Did Willey really have 17 sacks? Paul Zimmerman was at the Polo Grounds that day, too, and as he wrote in Sports Illustrated in 2000: “Count me as one of (the) non-believers.” Zimmerman’s charts credit the Eagles with 14 sacks, 8 by Willey, and 6 by Pihos. The official N.F.L. record for sacks in one game is 7, set by Derrick Thomas of Kansas City against Seattle in 1990.

In “The Eagles Encyclopedia,” Ray Didinger states that Willey lined up that day against New York’s Hall of Fame left tackle, Roosevelt Brown, a claim picked up by some of the obituaries. For the record, Brown didn’t join the Giants until the following season. He was drafted in 1953.

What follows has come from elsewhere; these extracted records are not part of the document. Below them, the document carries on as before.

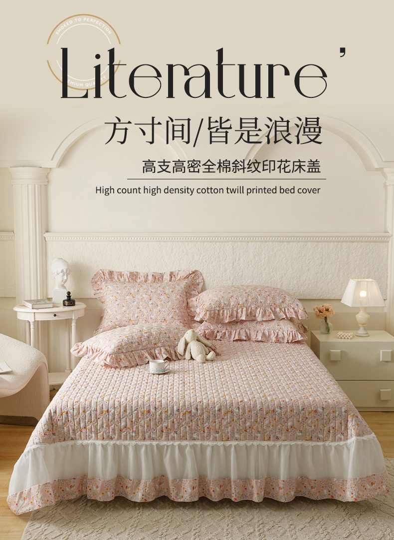 (总)胜权家纺 2025秋冬新款全棉法式13372数码印花夹棉床盖四件套系列,花非花粉,花非花绿,花海绿,锦绣繁华粉,锦绣繁华绿,妙颜粉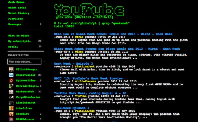 Individuals with a penchant for cryptography were able to crack the string of digits and, after inputting the result into YouTube’s search bar, were greeted with an old school, BBS, ASCII iteration of the site. If you want to see it too (Spoiler Alert), simply type in “/ geekweek” into the YouTube search bar. In fact “/ (insert whatever search term you like)” will work, too.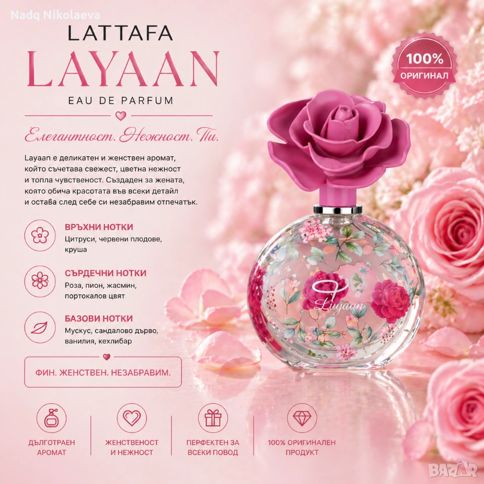 Lattafa Layaan Eau de Parfum е елегантен и нежен дамски аромат, създаден за жената, която обича фината красота и романтичното излъчване. Свежите цитрусови и плодови нотки се преплитат с нежни цветя и топла мускусна основа, оставяйки деликатна, женствена и запомняща се следа.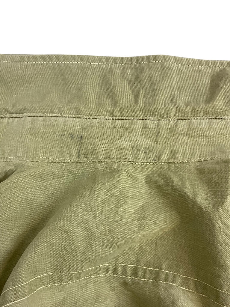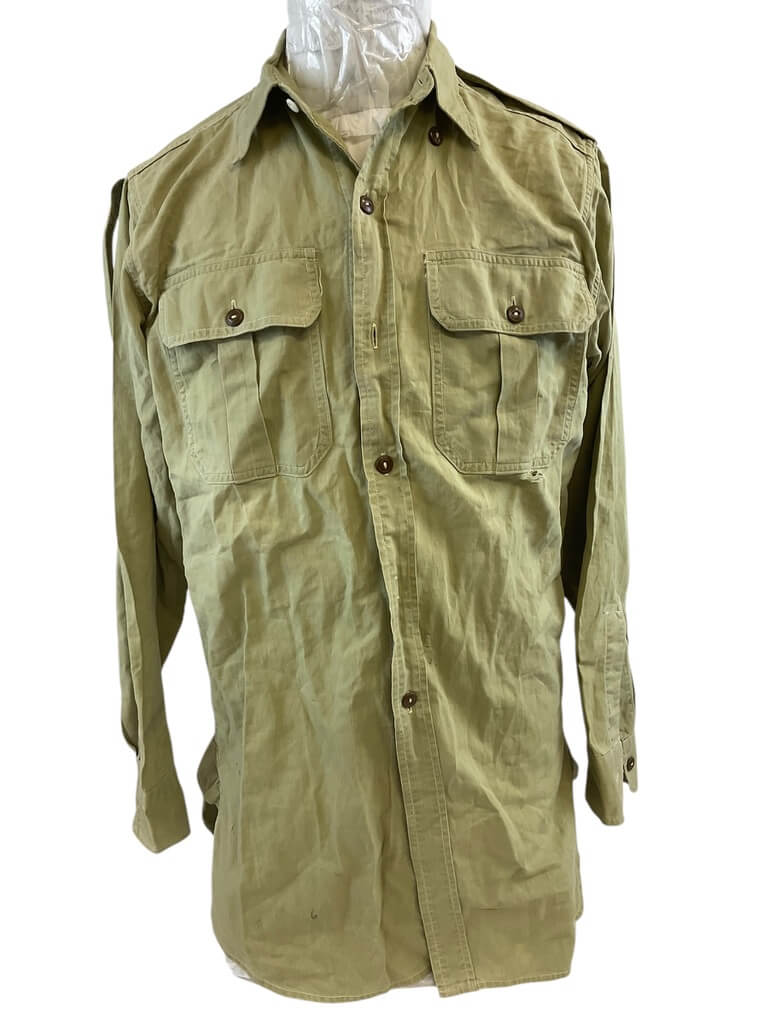 This vintage Canadian Army Long Sleeve Shirt with Epaulets, dated 1949, is an authentic piece of military memorabilia. The shirt is a rich olive green, fabricated from durable, heavy-duty material designed to withstand harsh conditions. Its defining features are the epaulets situated on both shoulders, signifying military ranking, contributing to its historic appeal. The shirt also features a classic button-down style, with two front pockets providing both functionality and style. Despite its age, this 1949 military shirt has been remarkably preserved, showcasing the resilient quality of its craftsmanship. It’s an exceptional collector’s item for military enthusiasts or those interested in historical garments. The shirt reflects not only the aesthetic style of the period but also the story of the brave men who served in the Canadian Army during that era.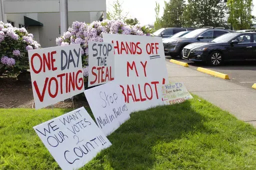 “This affects all of us. This is voter integrity,” said Janet Bailey, a Republican voter who protested outside the Clackamas County election offices Thursday with about a dozen others. “We, in Oregon, a week ago we had our primary, and we still don’t know the results.”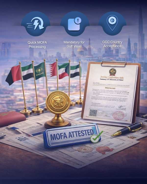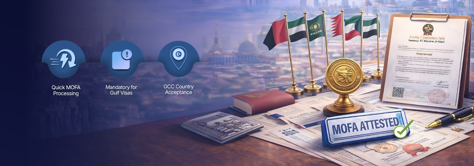 MOFA Attestation is the final step of document legalization, done by the Ministry of Foreign Affairs (MOFA) in the destination country (for example: UAE, Saudi Arabia, Qatar, Kuwait, Oman, etc.). After your documents are attested by the Indian authorities (HRD/Home/Chamber + MEA + Embassy), they must be verified by MOFA abroad to be officially accepted for study, work, residence, or business purposes.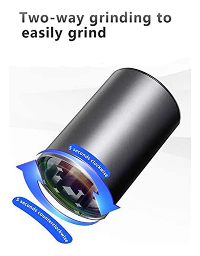 Cor: preto Material: liga de alumínio Tamanho: 52x52x114mm Conteúdo da embalagem: 1x moedor inteligente 1x cabo USB 1x limpeza

Willey played his entire eight-year career in Philadelphia. He made first-team All-Pro in 1954 and was elected to two Pro Bowls, in 1954 and 1955. Willey broke his right leg in 1956 and, even though he came back, he wasn’t the same player. He retired after the 1957 season.

Norm Willey played in an era before pro football was widely available on television. Today, everything is captured from multiple angles, in slow motion, and in high definition, and can be replayed over and over. With all the wonderful technology, maybe something’s been lost. Perhaps the mystery of what exactly happened on that fall day nearly 60 years ago has helped make the story even more compelling with the passage of time.

Was Conerly holding the ball for too long? Did he step up into the pocket to avoid the outside rush? Were the receivers running the correct routes? Why didn’t the Giants change the protection scheme? Eyewitness testimony is often unreliable. Memories fade.

We can, however, safely assume one thing about that game: No matter how many times Conerly hit the ground, no one was celebrating over him. No sack dances. As Willey said, many years later: “In those days, no one even slapped each other on the hands, the high-fives and the low-fives. You just went out and got a drink of water and kept on playing.” (Ron Pollack, “The Legend of Wild Man Willey,” Pro Football Weekly, 1984, reprinted in “The Coffin Corner,” 1997)

Andy Barall writes about pro football history for The Fifth Down.